Jetpack 5.1.2 Model Training Fails with Torch 2.1.0

Hello,

We are trying to run a simple MNIST training experiment on Xavier Dev Board with Jetpack 5.1.2, CUDA 11.4 and Torch 2.1.0.
We use the torch .whl file PyTorch for Jetson for JetPack5, Pytorch 2.1.0.
Since no torchvision .whl is provided we build it from source according to jetson-containers/packages/pytorch/torchvision at master · dusty-nv/jetson-containers · GitHub.
We add torch and torchvison using the .whl files to our environment and try to run a simple MNIST training experiment.
But at the start of the training we get the error below:

File "/mnt/nvme/.venvs/venv3_8/lib/python3.8/site-packages/torch/autograd/__init__.py", line 204, in backward
    Variable._execution_engine.run_backward(  # Calls into the C++ engine to run the backward pass
RuntimeError: Event device type CUDA does not match blocking stream's device type CPU.

When we apply the same procedure for an Xavier with Jetpack 5.1.2 and CUDA 12.2 and use the same training scripts the training does not fail.

Is this a known issue?

Hi,

Which TorchVision version do you use?
Suppose it should be v0.16.1.

Thanks.

Hello,

Thank you for the answer.
In jetson-containers github torchvision 0.16.2 is mentioned for Pytorch 2.1.
That is why we build using torchvision 0.16.2.

Hi,

Could you try the below container?
The container has PyTorch, TorchVision, and TorchAudio preinstalled.
So it’s expected to be compatible.

Thanks.

Hello

I do not see any container for Pytorch 2.1.0.
The newest version is Pytorch 2.0.
Is there any problem to build or run Pytorch 2.1.0 with Jetpack 5.1.2?

Hello

When we investigate Torch build page in Jetson containers we observe that for L4T 35 we have Pytorch 2.1.0 is supported.

And when we investigate Torchvision build page in Jetson containers we observe that for L4T 35 we have Torchvision 0.16.2 is supported.

We build both .whl files.
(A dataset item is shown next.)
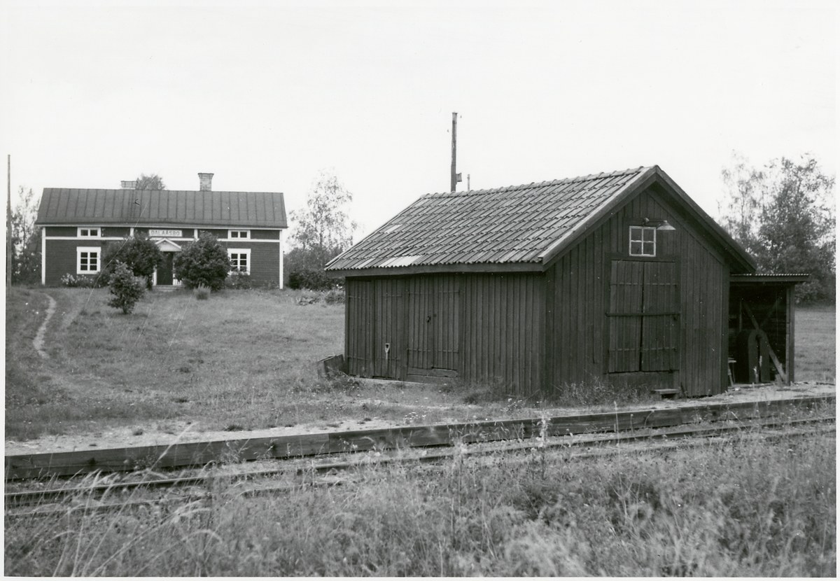Vy vid Dalaåsbo. Stationhuset byggt omkring 1896/1903 F.d. stationshuset ligger ca 50 meter från banan och är bevarat som privatbostad. Lastplatsens byggnader vid banan helt raserade, enbart betongplattformen återstår. Fundament till bommar vid väg 75 m SO

But we get errors during training.
Can we use Pytorch 2.1.0 and Torchvision 0.16.2 for model training in Xavier/Orin development boards with Jetpack 5.1.2?

Hi,

According to this:

RuntimeError: Event device type CUDA does not match blocking stream's device type CPU.

It might not relate to the compatibility between PyTorch and TorchVision.
Could you share how do you apply the training?

Please try to add the below line into your script to see if it helps.

import pycuda.autoinit

Thanks.

This topic was automatically closed 14 days after the last reply. New replies are no longer allowed.